En el complemento, los de Pizzi controlaron de buena manera las acciones, e incluso, se acercaron con peligro al arco rival. Vargas, con un remate cruzado, tuvo la más clara. Por su parte, los trasandinos tuvieron el gol del triunfo en un cabezazo de Otamendi que fue desviado de manera magistral por Claudio Bravo. El Capitán vivía su redención.

Y así se llegó al alargue. Dos equipos que trataron de imponer sus términos, pero no lo lograron, se fueron a definir desde los doce pasos.
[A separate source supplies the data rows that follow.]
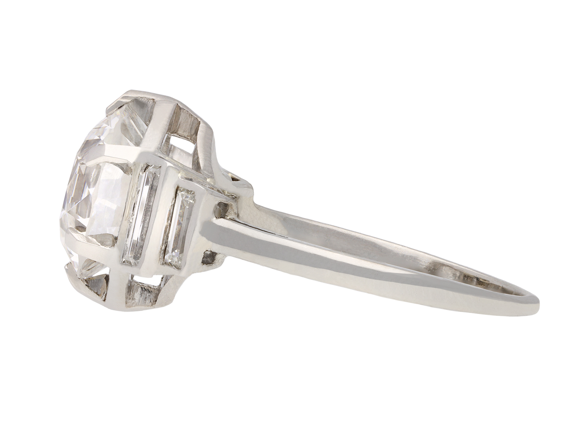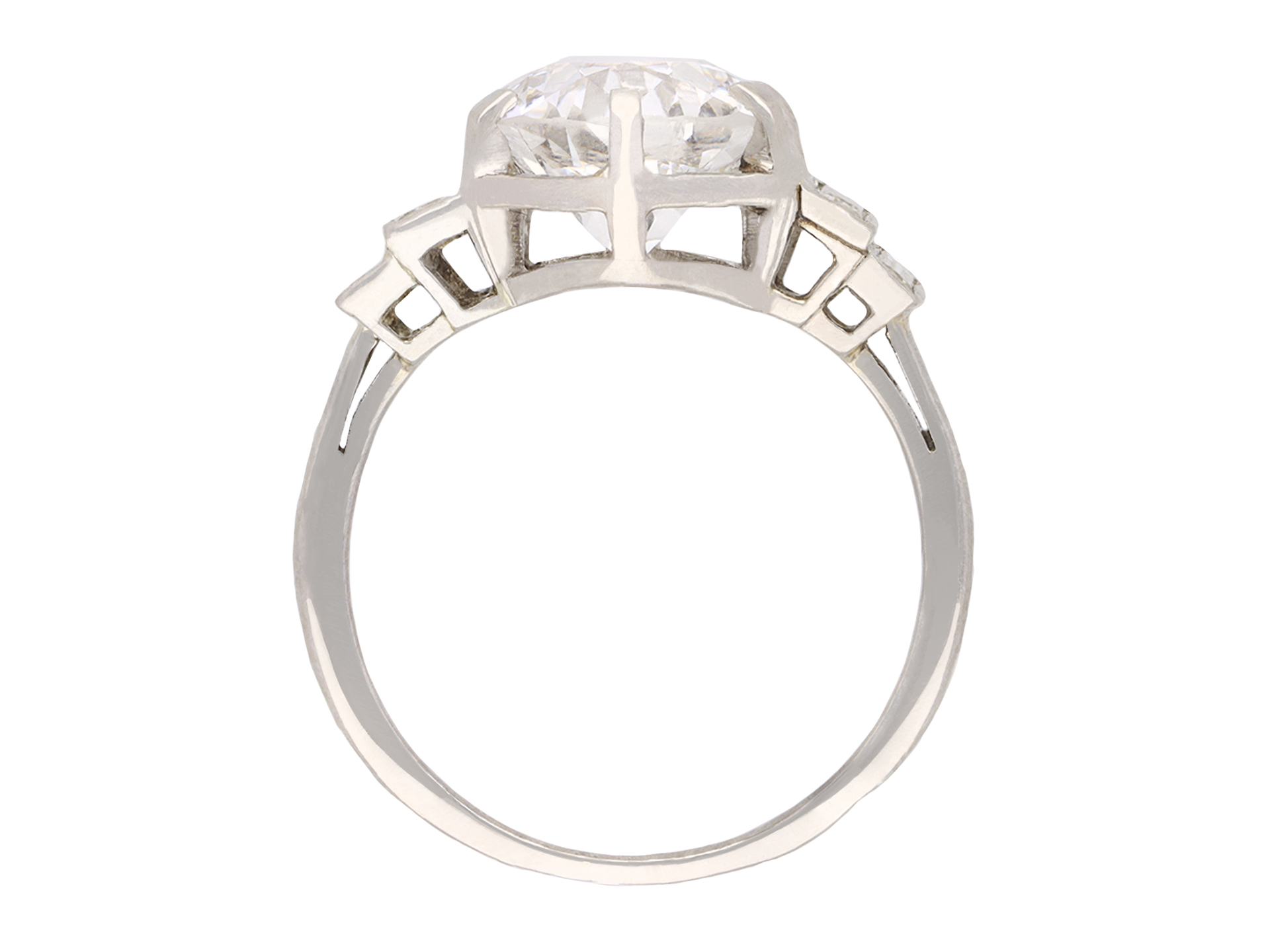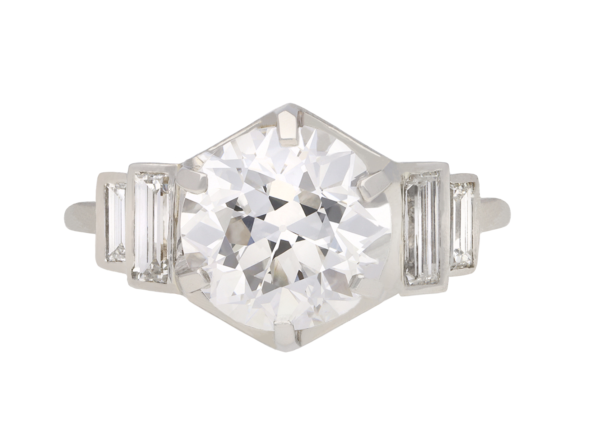 Solitaire diamond engagement ring with diamond set shoulders. Centrally set with a round old cut diamond, E colour, VS2 clarity, with a weight of 3.02 carats in an open back claw setting, flanked by four rectangular baguette cut diamonds in open back rubover settings with a combined weight of 0.60 carats. The total approximate diamond weight is 3.62 carats, to an elegant stepped form with a hexagonal geometric openwork gallery and intricate backholing, flowing down to a tapering solid D-shape shank. Marked 18 carat white gold, French, circa 1930, accompanied by Gemological Institute of America (GIA) report #2225797984 and HRD Antwerp report #14007100001.
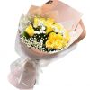材料:15枝黄玫瑰,小雏菊满天星搭配。 包装:香槟色雾面纸半包围圆形精美包装。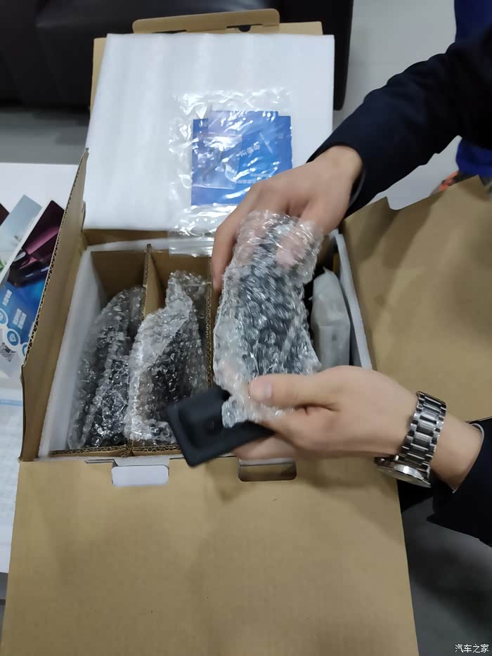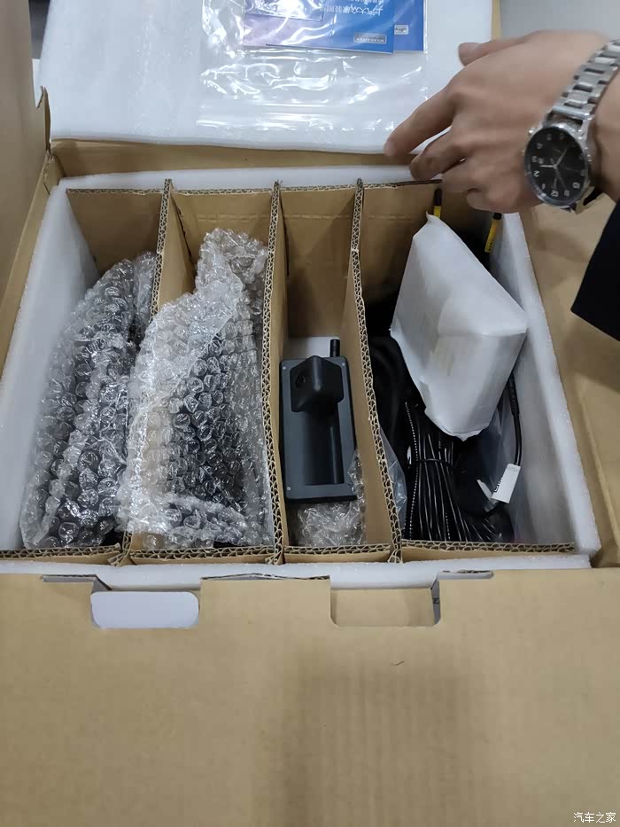 由于自己有一些厂家给的福利积分,所以用积分在4S店里面兑换了一套原厂的360全景影像系统 。今天就和大家分享原厂的360全景影像系统 。根据自己开箱时观察到的情况,整个影像系统包括了车前端和车后端的摄像头以及左右两个反光镜下面的摄像头 ,还有一个维持整个影像系统工作的主机 ,当然还得有传输数据的各种数据线,从下图中就能够看到这些配件比较多,感觉安装这个会比较复杂, 咨询了店里面的安装师傅说是店里面安装这个系统也是会花费比较长的时间所以工时费也是比较贵的 。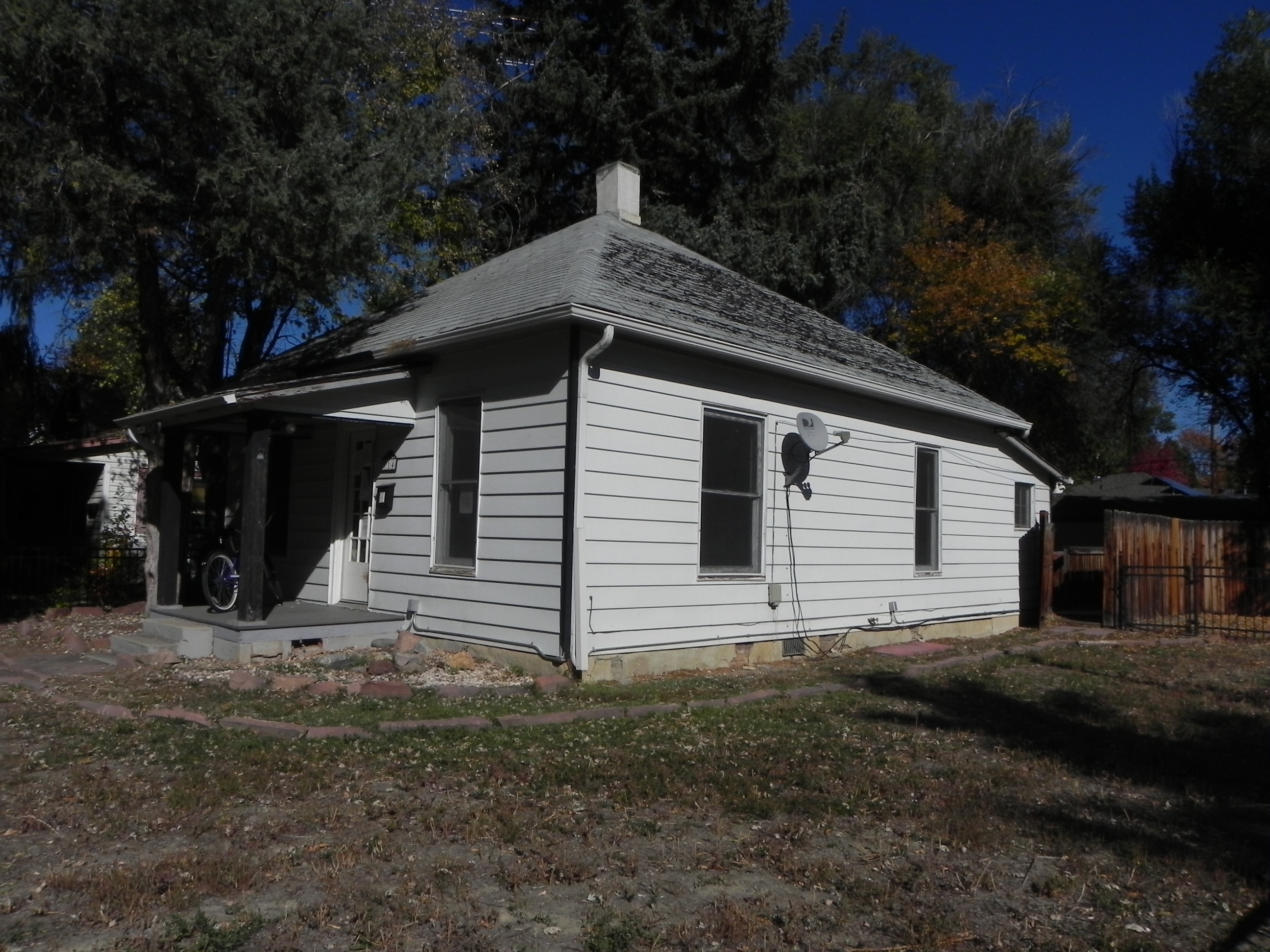 Old houses in poor condition usually have bad paint colors, with plenty of chips and stains in the finish. Ours had that, and it was also cursed with a bland white exterior. To complete the look, all exterior walls were completely plastered with hideous and unnecessary wiring and other barnacles: There was a Dish network antenna right on the street-visible South side. Plus TV, electric, telephone, and cable wires haphazardly spaghetti-ing around on every surface. With great pleasure, I ripped them all down before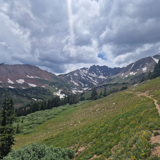 We resupply at the local market and while sitting outside getting our gear ready and just about calling an UBER, a young sporty lady walks by, asking us if we need a ride. She has recognized us as CDT hikers, herself hiked the PCT a couple of years ago and hence knows hiker life. That's super awesome! So we got in the car and started hiking back at the trail head from Grey's Peak shortly after 11am. The first three miles lead us along a nice bicycle trail in the forest, however all street for race bikes. We are at low elevation and it is very hot. And who do we find there laying in the shade of some trees? Young Jules, I have last seen at the Butterfly House on Monarch Pass! How is this possible? I thought he would be far ahead, as we took a couple of zeros in Salida and he hiked out the next day. He got sick and had to stay 3 days in Breckenridge to recover. That explains it all! It's nice to see him though! We hike on together, cross the I-70 and follow a nice trail upda valley. The trail is filled with day hikers. And every second person at least has a dog! And they all smell good😁 most of them are already on their way back to the car. Our trail turns to the left after a very steep uphill section, and leaves the day hikers behind. We planned on having lunch around 8 miles in at the last water source for 10 miles. It's weird to go from water everywhere to no water again. That implies bigger water carries and lunch and camp stops close to the last water. Not my favorite an I thought we are done with that in New Mexico!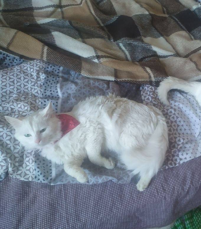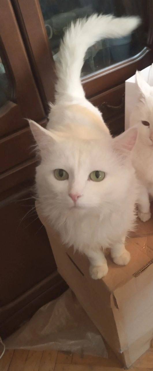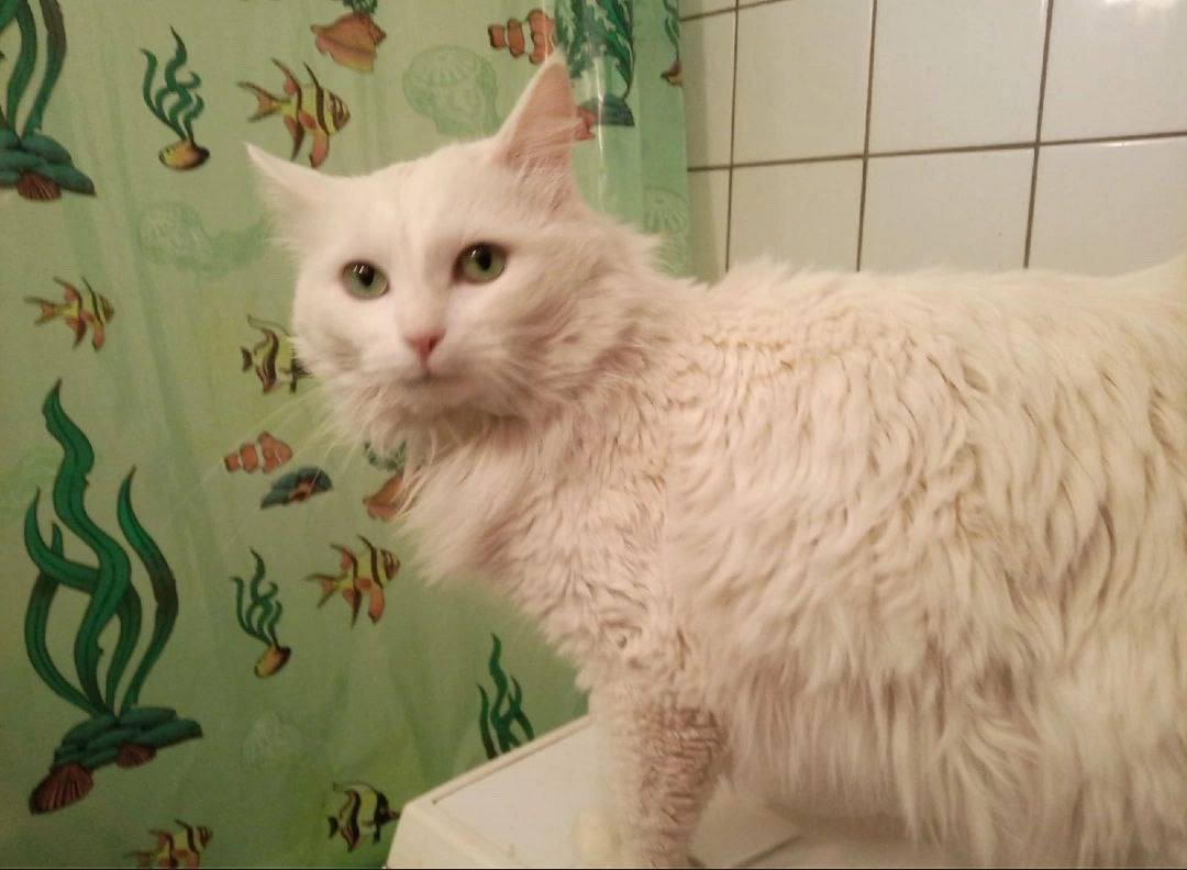 Коту около 10 лет, белый, зеленоглазый, домашний.

La historia no pudo comenzar peor. El tiro de Vidal era contenido por Romero, que celebró como si se hubiera ganado el partido. Craso error, tal vez. El primer turno de Argentina era Lionel Messi, un gol que se daba por descontado. Pero cuando la pelota no quiere, no quiere. El remate se fue elevado y todo quedaba igual. Castillo, Aránguiz y Beausejour convertían. Mascherano fusiló a Bravo, pero Biglia, con todos los fantasmas en su cabeza, tiró suave y el arquero se vestía nuevamente de héroe. Era el momento del “Gato” Silva. Y no tuvo problemas, Romero voló para un lado y el balón se fue para otro.

Se acababa la historia…o se volvía a escribir con  letras rojas. Chile campeón y bicampeonato ante el rival de siempre.